(ACTIVITY) Drop every picture, then repeat the records exactly.

(SUPPLIED INFORMATION)
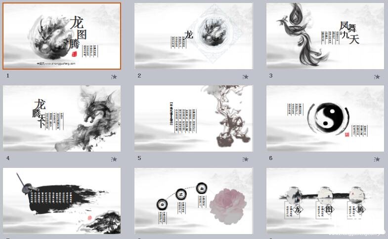 黑白調(diào)子的水墨畫早期都是以山水畫的形式來表現(xiàn)的,雖然僅有黑與白,但因為紙色的關(guān)系,其實是略為偏黃的。彩色的水墨畫在近代有潑墨山水的應(yīng)用,也有水墨動畫的應(yīng)用。家佳樂文學(xué)小編為您推薦家佳樂文學(xué)龍圖騰PPT模板,適用于文化匯報、教育匯報、項目匯報等。
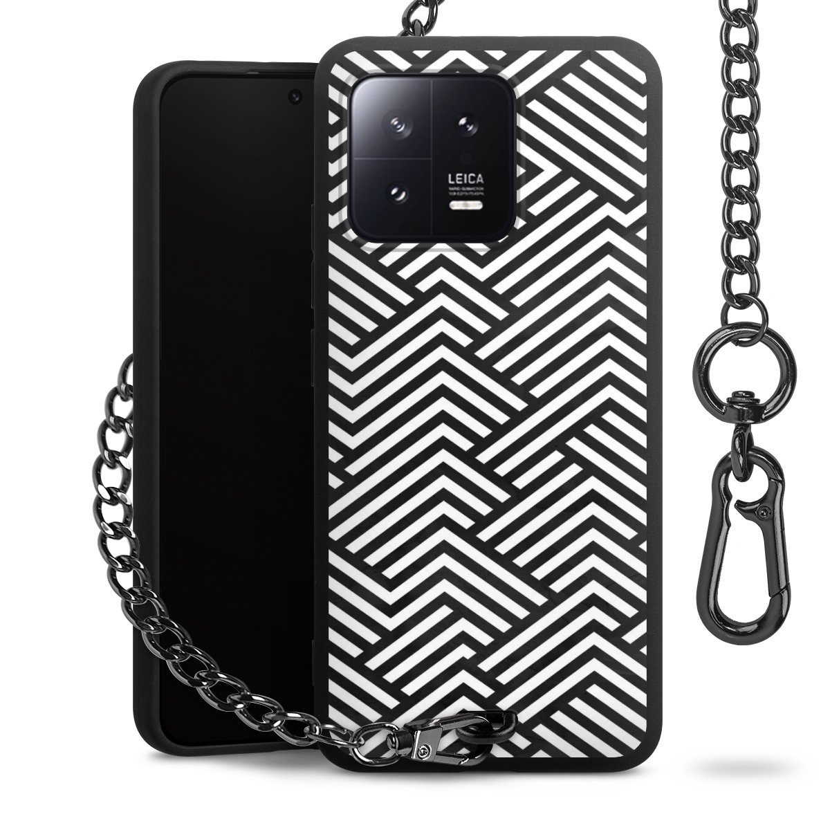 • Mattschwarze Handyhülle mit Metallkette
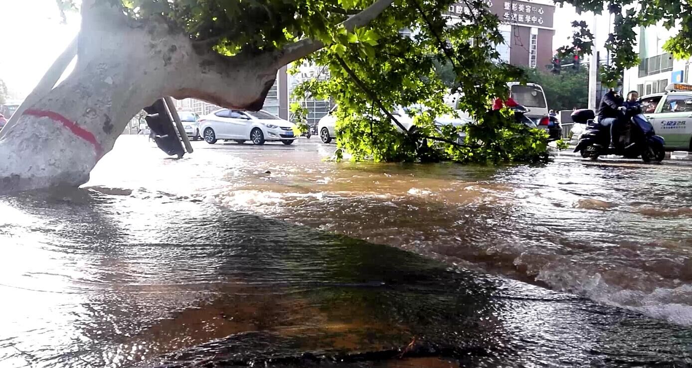 • 鄭州表情:鄭州水管爆裂 沖倒大樹線桿
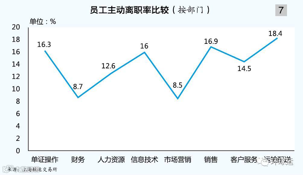 从细分部门的员工稳定性来看,2017年主动离职率最高的四个部门为运输配送、销售、单证操作和信息技术,主动离职率均超过16%。具体而言,单证操作为16.3%,财务为8.7%,人力资源为12.6%,信息技术为16.0%,市场营销为8.5%,销售为16.9%,客户服务为14.5%,运输配送为18.4%。(见图7)
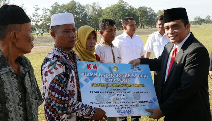 Bantuan secara simbolis diberikan langsung oleh Plt. Direktur Utama PTPN IV Umar Affandi, didampingi dari Kementerian BUMN Kepala biro Perencanaan, SDM, dan Organisasi Ony Suprihartono, Kepala Bagian Organisasi dan Reformasi Birokrasi Muhammad Rizal Kamal, dari PT Kawasan Industri Medan (Persero) Direktur Keuangan, SDM dan Umum Adler Manarissan Siahaan serta Direktur Operasional Perum Jasa Tirta I Alfan Rianto.
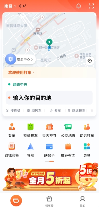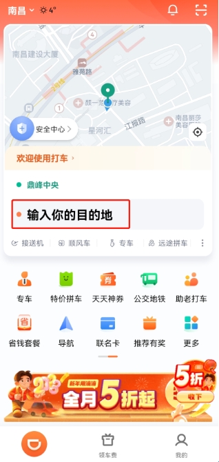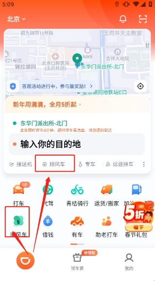 (1)进入app首页,我们可在下图所示位置打开“顺风车”
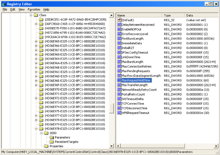 Note: If the MaxRequestHoldTime value is not found in
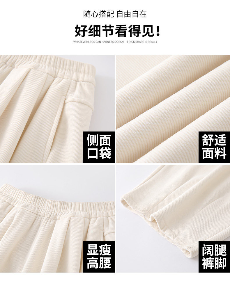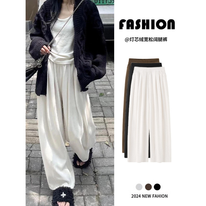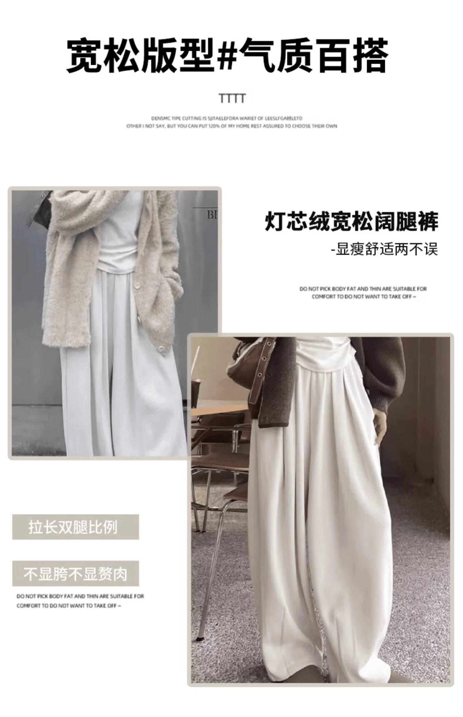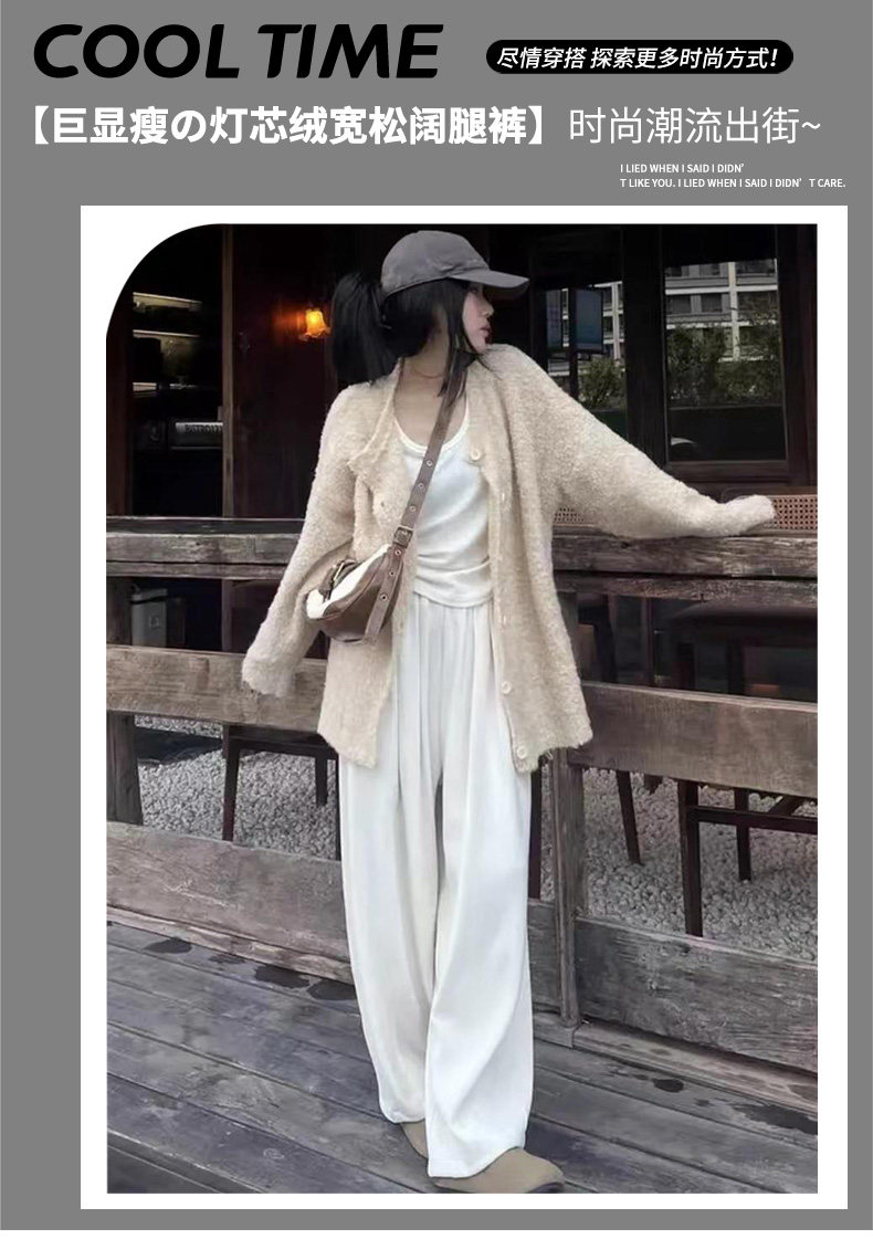 白色燈芯絨濶腿褲女春秋冬2024新款加絨軟糯垂墜慵懶松弛感山本褲
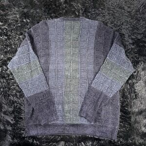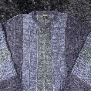 Lorenzo Sweater Mens XL Blue Gray V Neck Wool Blend Colorblock Knit Casual Warm

(WORKED SOLUTION)
 黑白調(diào)子的水墨畫早期都是以山水畫的形式來表現(xiàn)的,雖然僅有黑與白,但因為紙色的關(guān)系,其實是略為偏黃的。彩色的水墨畫在近代有潑墨山水的應(yīng)用,也有水墨動畫的應(yīng)用。家佳樂文學(xué)小編為您推薦家佳樂文學(xué)龍圖騰PPT模板,適用于文化匯報、教育匯報、項目匯報等。
 • Mattschwarze Handyhülle mit Metallkette
 • 鄭州表情:鄭州水管爆裂 沖倒大樹線桿
 从细分部门的员工稳定性来看,2017年主动离职率最高的四个部门为运输配送、销售、单证操作和信息技术,主动离职率均超过16%。具体而言,单证操作为16.3%,财务为8.7%,人力资源为12.6%,信息技术为16.0%,市场营销为8.5%,销售为16.9%,客户服务为14.5%,运输配送为18.4%。(见图7)
 Bantuan secara simbolis diberikan langsung oleh Plt. Direktur Utama PTPN IV Umar Affandi, didampingi dari Kementerian BUMN Kepala biro Perencanaan, SDM, dan Organisasi Ony Suprihartono, Kepala Bagian Organisasi dan Reformasi Birokrasi Muhammad Rizal Kamal, dari PT Kawasan Industri Medan (Persero) Direktur Keuangan, SDM dan Umum Adler Manarissan Siahaan serta Direktur Operasional Perum Jasa Tirta I Alfan Rianto.
 (1)进入app首页,我们可在下图所示位置打开“顺风车”
 Note: If the MaxRequestHoldTime value is not found in
 白色燈芯絨濶腿褲女春秋冬2024新款加絨軟糯垂墜慵懶松弛感山本褲
 Lorenzo Sweater Mens XL Blue Gray V Neck Wool Blend Colorblock Knit Casual Warm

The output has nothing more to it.